What is Real Time PCR (RT PCR)?

Real-time polymerase chain reaction (RT PCR) is also called as quantitative polymerase chain reaction (qPCR), a technique of molecular biology based on the polymerase chain reaction (PCR), which is used to amplify and simultaneously quantify a targeted DNA molecule. For one or more specific sequences in a DNA sample, quantitative PCR enables both detection and quantification. The quantity can be either an absolute number of DNA copies or a relative amount when normalized to DNA input or additional normalizing genes.

The procedure follows the general principle of polymerase chain reaction; with the key feature of DNA amplification which is detected as the reaction progresses in "real time". This is an advanced approach compared to standard PCR, where the product of the reaction is detected at its end. Two common methods for the detection of products in quantitative PCR are:

(1) non-specific fluorescent dyes that intercalate with any double-stranded DNA, and

(2) sequence-specific DNA probes consisting of oligonucleotides that are labeled with a fluorescent reporter which permits detection only after hybridization of the probe with its complementary sequence to quantify messenger RNA (mRNA) and non-coding RNA in cells or tissues.

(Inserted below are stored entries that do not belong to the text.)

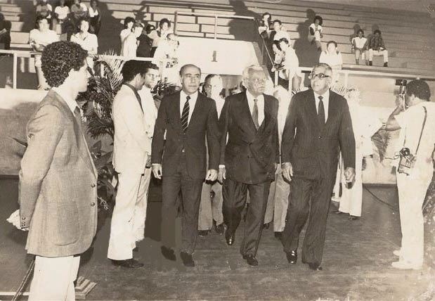 F. Teixeira (d) chega para a promulgação com os ministros Andreazza (c) Andreazza (e). Foto Marcos Grutzmacher/ALE.
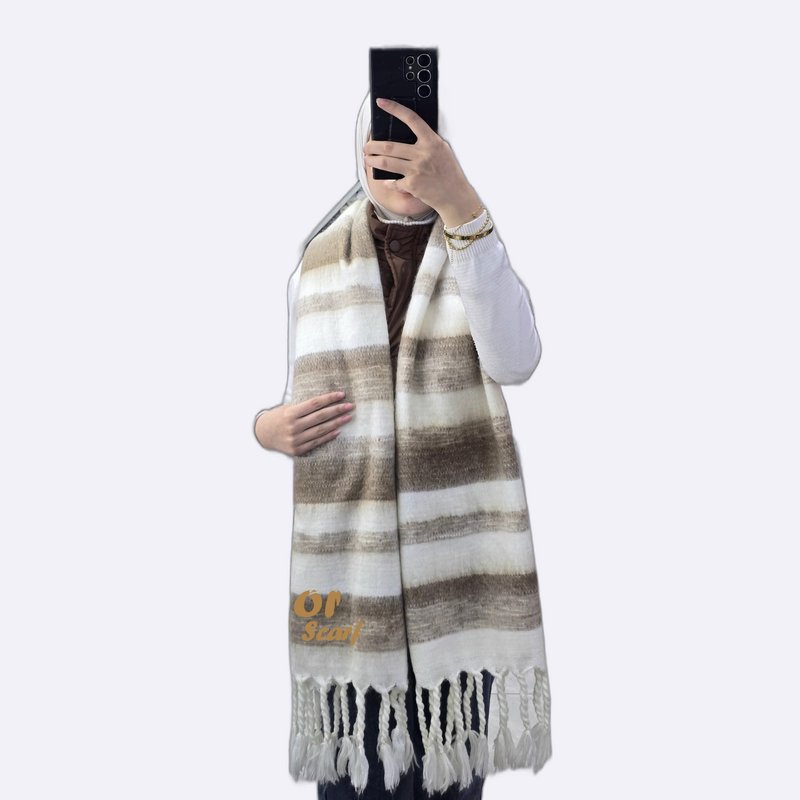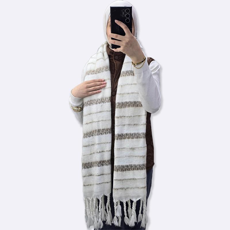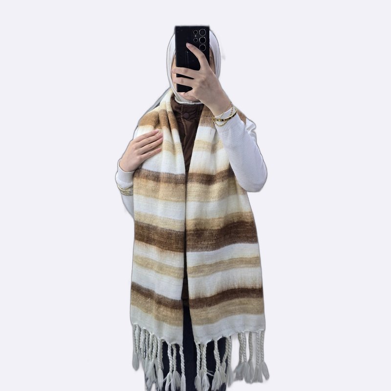 شال دافئ بنقشة خطوط عرضية وتفاصيل شراشيب، يجمع بين المظهر العصري والملمس الغني.
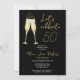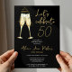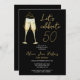 Elegant faux gold trendy handwriting script let's celebrate 50 years black birthday party invitation with champagne flutes.
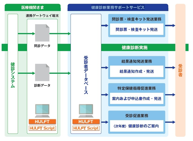 共同印刷西日本は、「健康診断業務サポートサービス」業務におけるセキュリティ対策として、閉域網(閉域IP網)の利用に加えて、全国の金融機関や大手製造業を中心に8,400社以上の導入実績があるファイル連携ミドルウェア「HULFT」を採用しました。これは、ファイル転送時の暗号化(独自方式・AES方式・C4S方式)や、転送データの欠落や改ざんを防止するデータ検証機能、指定ファイル以外の送信を防止するガバナンス機能などを評価した結果です。もうひとつの課題である煩雑な処理による業務負荷に対しては、ファイル操作や加工に関連する一連のプログラムをノンプログラミングで簡単に作成できる「HULFT Script」で解決しました。医療機関のスタッフは、特定のフォルダにファイルをドラッグするだけで、自動処理が実行されます。「HULFT」と「HULFT Script」の採用により、安全・確実なファイル転送と医療機関側の運用負荷低減を実現しました。
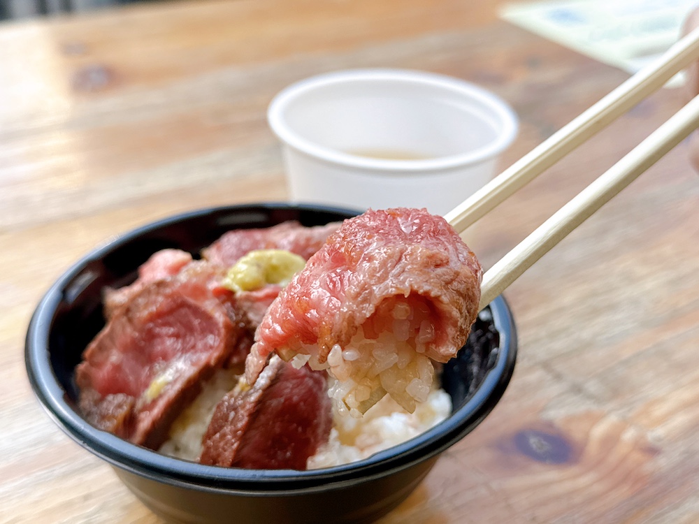 こちらは「焼肉のひみつ基地×鹿児島黒牛」の『大トロステーキ丼(4にっくん)』。トロッととろける食感の鹿児島黒牛は口に運んだ瞬間お肉の旨みがジュワッと溢れ出します。
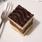 Ich habe den gebackenen Kuchen auf eine Platte gesetzt und die noch flüssige Schokolade über die Creme geleert und gleichmäßig verteilt. Bei Zimmertemperatur habe ich die Schokolade etwas auskühlen lassen und habe dann mit einem gezackten Tortenspatel die typischen Wellen gezogen. Die Schokolade sollte dazu halb fest sein.

The acronym "RT-PCR" commonly denotes reverse transcription polymerase chain reaction and not real-time PCR.

This technique is used to quantify the gene dosage especially to detect the deletion or duplication of the specific gene sequence.

 

What is Next Generation Sequencing (NGS)?

Next generation sequencing (NGS) is a rapid throughput technology exploding up to > 1 tera bases =1012 achieved by massive parallel sequencing based on the principle of “sequencing-by-synthesis”. This means that the complementary integration of a nucleotide during chain prolongation is directly monitored by the sequencing machine. Remarkably, the increasing sequencing capacity is paralleled by dramatically decreasing costs to sequence a human genome to nearly “$1000 genome”. This will be in the range of those of a magnetic resonance imaging scan.

NGS became available in 2008–09 and the process of applying NGS in a research or diagnostic setting comprises a wet laboratory workflow, including library preparation and the actual sequencing of the library. This is followed by a dry laboratory workflow involving informatics (translation of light signals or pH changes into sequence information) and bioinformatics analyses (sequence alignment, variant calling), as well as variant filtering and interpretation (annotation, mapping against variant databases).

Work flow of a next generation sequencing (NGS) analysis.

 

With genome sequencing by NGS, about 4 million variants and exome sequencing (covering mainly the 1 % protein-coding part of the genome) results in about 20,000 variants per individual can be detected. It is not only useful in large extended families, where linkage information provides information about the disease locus, but can also be applied to detect disease-causing de novo mutations in sporadic patients.